As the final game approached, he got more anxious by the day. He couldn't wait to go out to the stadium in the snow and watch the game. Game day came and he got up and dressed as warmly as he could. He and his dad got to the stadium and he could feel the electricity in the air. No one knew what was going to happen, but the level of excitement was higher than for any game that season.
Simpson ripped through the Patriots defense for two hundred nineteen yards that day. With one game left to go, Simpson needed one hundred ninety seven yards against the Jets next week to get to two thousand. It seemed to be an impossible task to the boy, who figured that Simpson would fall short of the mark.

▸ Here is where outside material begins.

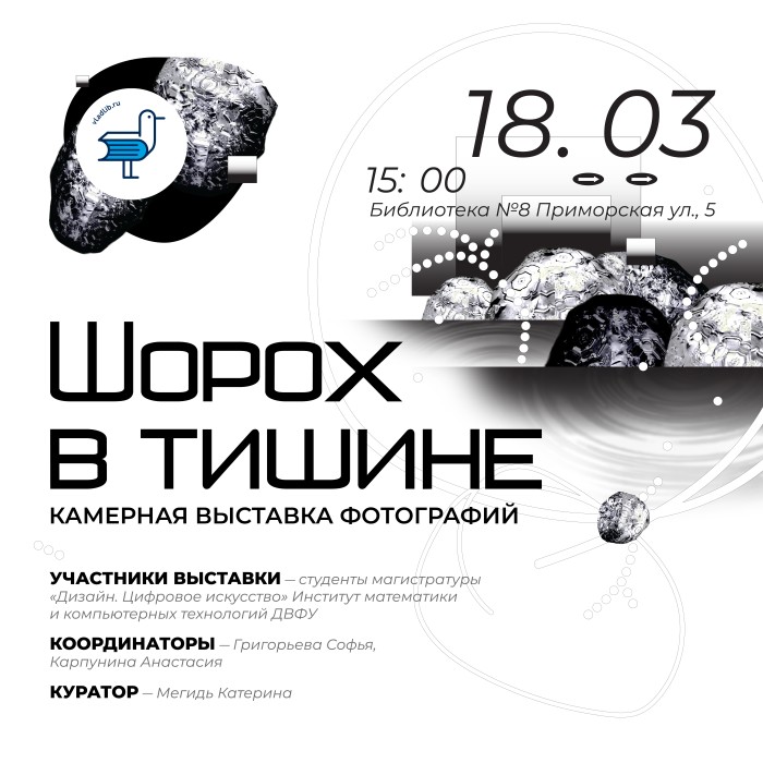На открытии экспозиции у зрителей будет возможность пообщаться с художниками и задать свои вопросы. Участники выставки – студенты магистратуры «Дизайн. Цифровое искусство» Институт математики и компьютерных технологий ДВФУ. Куратор выставки – Мегидь Катерина Денисовна, сотрудник МБУК «Владивостокская централизованная библиотечная система».

That week seemed to drag for him. He couldn't wait to watch the game on Sunday to see if Simpson could do it. On game day, he watched intently, sitting next to his father on the couch. He wanted Simpson to hit the mark so badly. He knew he'd watched something special take shape right in front of his eyes that year.

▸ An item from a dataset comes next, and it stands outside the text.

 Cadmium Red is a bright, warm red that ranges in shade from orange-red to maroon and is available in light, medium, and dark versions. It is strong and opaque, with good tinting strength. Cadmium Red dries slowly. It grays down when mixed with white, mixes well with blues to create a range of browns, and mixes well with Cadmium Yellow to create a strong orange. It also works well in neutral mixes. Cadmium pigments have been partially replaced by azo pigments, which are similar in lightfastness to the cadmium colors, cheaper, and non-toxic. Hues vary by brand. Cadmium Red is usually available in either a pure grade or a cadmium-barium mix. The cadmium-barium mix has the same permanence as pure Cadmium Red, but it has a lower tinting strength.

By the fourth quarter of the game against the Jets, Simpson was getting closer and closer to the goal of two thousand yards. The announcers were counting down with every run Simpson made. Then, late in the fourth quarter, he did it! Two thousand yards rushing! The boy was ecstatic. He knew he'd seen history happen that year, in front of his very eyes.

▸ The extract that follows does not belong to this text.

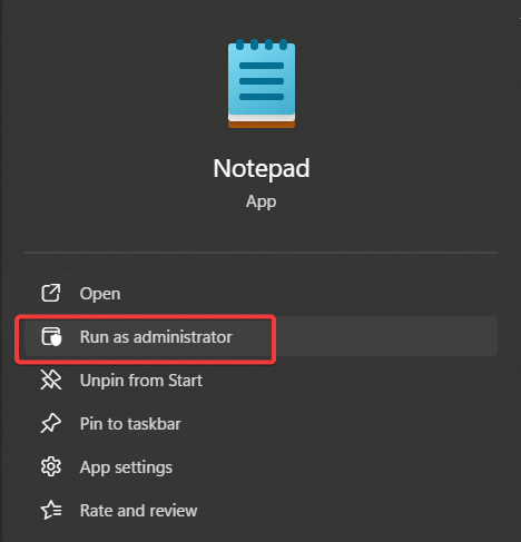 - Right-click Notepad → Select “Run as administrator”

The boy and his dad kept their season tickets four the next three seasons. Then he went on to college, and keeping the tickets didn't seem workable. But he and his dad still went to a few games that year, and every year thereafter, until he left Western New York.
The boy grew up, and became a man. But his love of football remained. As the years went by, he realized he'd seen some special players through the years. Hall of Fame players. He'd also seen some great teams. The Miami Dolphins, the Oakland Raiders, the Pittsburgh Steelers, with their powerful Steel Curtain defense. He realized he felt very fortunate to have seen history from the very first time he went to the stadium.
He returned to Western New York as a man in 1990. That year, he made it to a few games when he had the chance. But his dad really wasn't able to go along, as he was finding it harder to get around. He got season tickets for the 1991 season with a friend, as his father was unable to come along. But as good a time as he had then, especially with the Bills winning ways, there was a part of him that felt like something was missing. He enjoyed the company of his friend, but missed being there with his father.
Sunday's, when the Bills were away and he could get away, he would go to his parents home to watch the games with his father. They would watch the games and reminisce about the games they'd gone to together, and some of the history they'd seen, both in terms of teams and players. Both father and son enjoyed these occasions immensely, and looked forward to the next time they'd be able to get together to watch the games. The son made a point of making sure that his father knew how much he appreciated the love of the game that his dad had passed down to him. Somehow, he knew his dad knew, but he wasn't going to let it go unsaid.
The son, having become a man by then, watched as his father grew old. One summer, the father went into the hospital, and his son spent an entire night there with his father, not wanting to leave him. Two days later, his father passed away.
If you haven't guessed by now, I am that son. I write this today because it is thirteen years ago today that my father passed away. I write this this also both as a tribute to him, and to thank him for introducing me, some forty four years ago, to the game that I still love to this day.
Thanks, dad. Thanks for passing your love of football down to me. It may be the greatest gift a father has ever given a son.